Tot slot is het ook van belang om te wijzen op het belang van een integrale aanpak bij de uitwerking van acties die tot het bereiken van de streefdoelen leiden. Mede in functie van de doelstellingen van Agenda 2030 dient de nodige aandacht besteed te worden aan de economische en sociale component van de acties. Een lokaal bestuur is vaak het best op de hoogte van waar energie-armoede zich afspeelt en welke lokaal verankerde strategie dit kan verhelpen10. De nodige aandacht voor de diversiteit binnen een samenleving, zal een versterkende i.p.v. remmende factor betekenen voor de effectieve realisatie van de beoogde streefdoelen. Ook op bestuurlijk vlak betekent het aanpakken van klimaatverandering dat we buiten de sectorale silo’s kijken en beleid overschrijdend een antwoord formuleren op maatschappelijke uitdagingen. Een lokaal bestuur werkt vaak simultaan aan die verschillende uitdagingen op district- of wijkniveau. Het betekent lokaal de verbindingen maken tot een coherent en duurzaam verhaal. De doelstellingen binnen dit pact zijn bijgevolg uiteraard niet de enige elementen waarop een lokaal bestuur werkt inzake energie- en klimaatbeleid. Ze zijn slechts een tastbaar onderdeel van een breder arsenaal aan acties voor een sociaalrechtvaardige, klimaatrobuuste samenleving waar we op de verschillende beleidsniveaus aan willen werken. Het Pact tussen de Vlaamse overheid en de Vlaamse lokale besturen zal ook de nodige verbindingen maken tussen de verschillende geledingen binnen de Vlaamse overheid en diens ondersteunende diensten gezien het transversale karakter van klimaat- en energiebeleid.

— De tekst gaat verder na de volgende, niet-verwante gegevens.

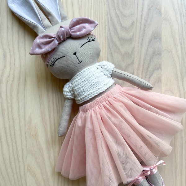 Skaistās zaķu meitenes tilla svārciņos un adītās jaciņās, klāt apaviņi un galvas rotas. Apģērbs iespējams vairākās krāsās. Dāmu augums mērot ar ausīm 43cm. Viss apģērbs ir noģērbjams. Var pasūtīt arī papildus tērpus vai veselu garderobi.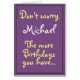 O cartão de aniversário personalizado diz "Não se preocupe - Quanto mais aniversários você tem, mais tempo você vive!"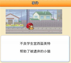 不良学生帮助猫咪后触发转动转盘,随机获得道具/金钱。

Vanaf 2021 zal elke stad of gemeente dit pact kunnen ondertekenen en zo een krachtig signaal geven voor klimaatacties in samenwerking met andere besturen en lokale actoren. We gaan er van uit dat de opvolging van het Pact onderdeel uitmaakt van het democratisch proces in elke gemeente, waaronder de goedkeuring tot toetreding van dit pact door de gemeenteraad. Dit gemeenteraadsbesluit wordt opgeladen via het digiloket van ABB11.

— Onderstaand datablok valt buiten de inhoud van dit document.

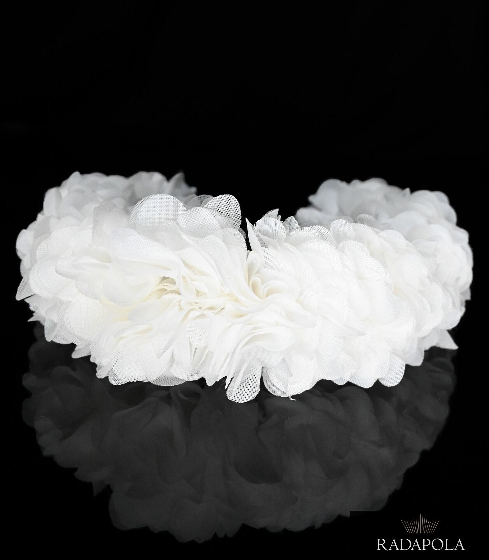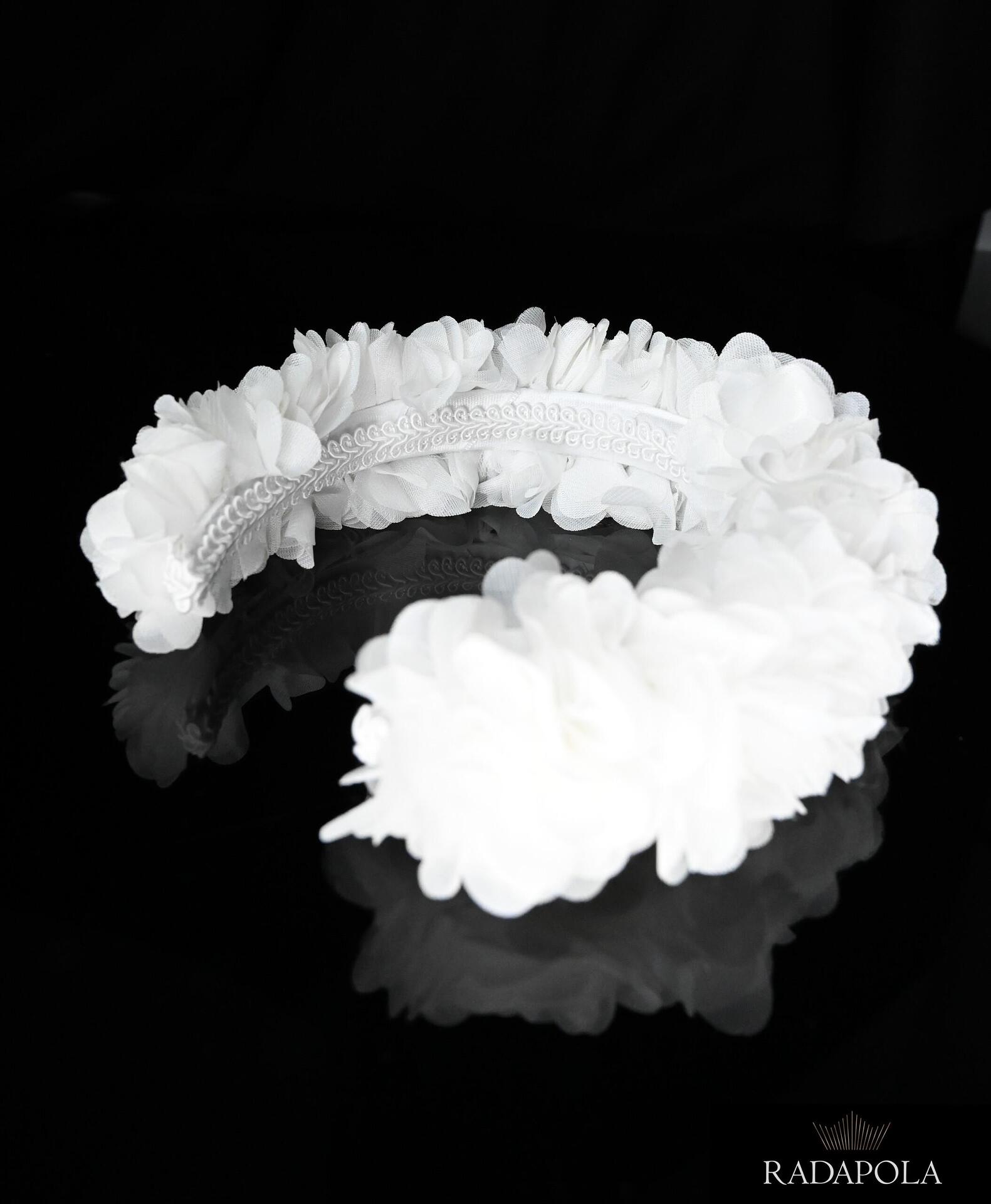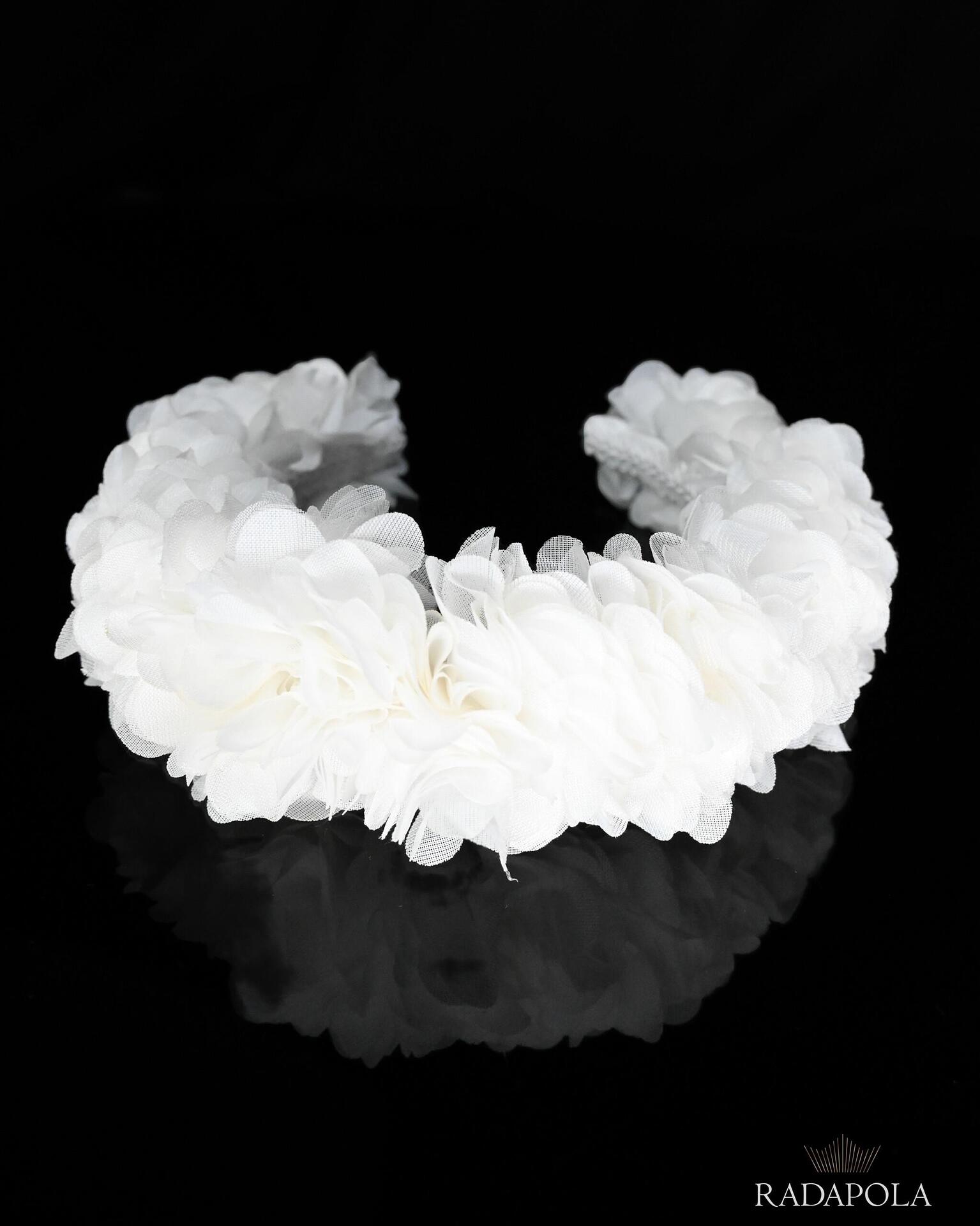 Обемна диадема с цветя от коприна. Невероятно нежна и не се усеща на главата. Подходяща е за вашия специален ден. Изработена е от висококачествени материали.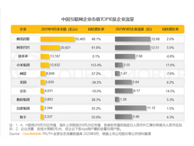 驱动中国2025年11月5日消息 近日,QuestMobile发布2025年9月中国互联网企业市值TOP及企业流量排名,腾讯稳居榜首,阿里、拼多多紧随其后。 数据显示,腾讯控股以5.55万亿元的市值稳居第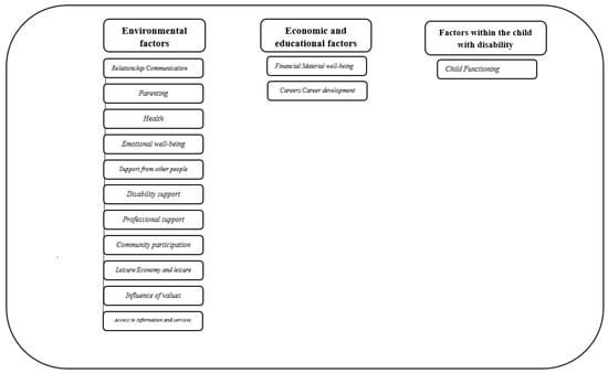 The domains used in the five FQoL scales were grouped into three overarching categories: environmental factors, economic and educational factors, and factors within the child with disability. This classification helps to clearly structure the multitude of domains included in the scales, which are described in detail below.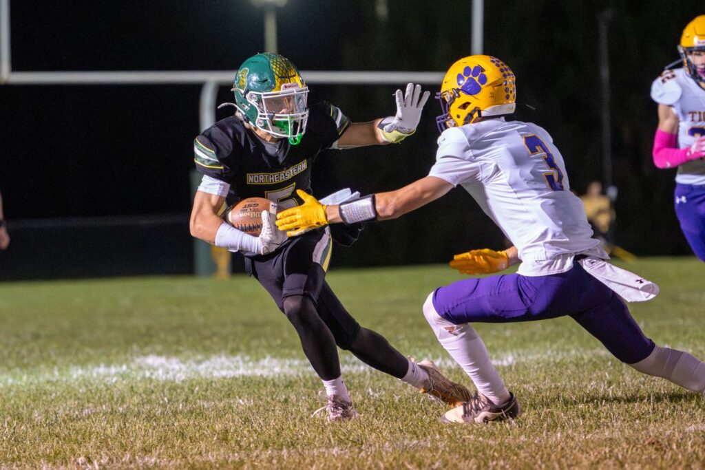 Northeastern head coach Wes Oler reflected on the game and the season. “We were a little frustrated on defense as the game wore on,” Oler said. ”The two huge red-zone stops in the third quarter to keep them out of the end zone changed everything. We gained confidence and hit a home-run pass. From there, momentum shifted completely to us. When we get a lead, we have to be able to run the ball and we did. I am proud of our seniors; 16 straight conference wins is hard to do in any conference. We told our kids all week not to overlook Hagerstown. They may be young, but they are well coached and have a lot of pride.”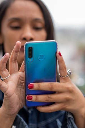 Close-up image using modern smartphone device social and checking email or working networking concept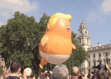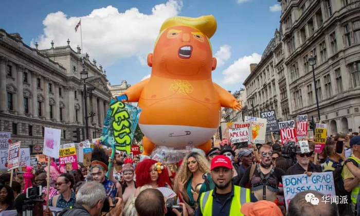 去年特朗普访问英国期间,一个巨大的“特朗普宝宝”充气气球被升上了天空,还有上千名示威者聚集在了伦敦市中心抗议特朗普来访。

Naast individuele ondertekenaars, zullen stakeholders, sectororganisaties, verenigingen, regio’s en andere intergemeentelijke samenwerkingsverbanden zich ook kunnen engageren als ‘ondersteuners’ van het Pact. Netwerk Klimaat voorziet hiervoor een on-line aanmeld- en inschrijfmodule12 en zal de communicatie hier rond voeren.

 



4.2    WERF 1: LATEN WE EEN BOOM OPZETTEN (VERGROENING)
DOELSTELLING 2030
    Eén boom extra per Vlaming tegen 2030 (+6,6 miljoen bomen extra vanaf 2021 t.e.m. 2030)13
    1/2de meter extra haag of geveltuinbeplanting per Vlaming tegen 2030 (+3.300 km extra vanaf 2021
t.e.m. 2030)
    Eén extra natuurgroenperk per 1000 inwoners tegen 2030 (= 6.600 perken van 10 m²  vanaf 2021
t.e.m. 2030)14

Bomen, hagen, geveltuinen en perken die i.h.k.v. deze doelstelling worden opgevolgd worden geteld vanaf 2021 tot 2030 en kunnen gezamenlijk (met verschillende lokale besturen) worden gerealiseerd, waarbij – als gemiddelde- bovenstaande streefcijfers worden gehaald.
MEERWAARDE BURGER
•    Groenblauwe dooradering
•    Hittestress verminderen door schaduw- en koelplekken
•    Biodiversiteit bevorderen
•    Gezondere lucht
•    Groener uitzicht (visueel aantrekkelijk)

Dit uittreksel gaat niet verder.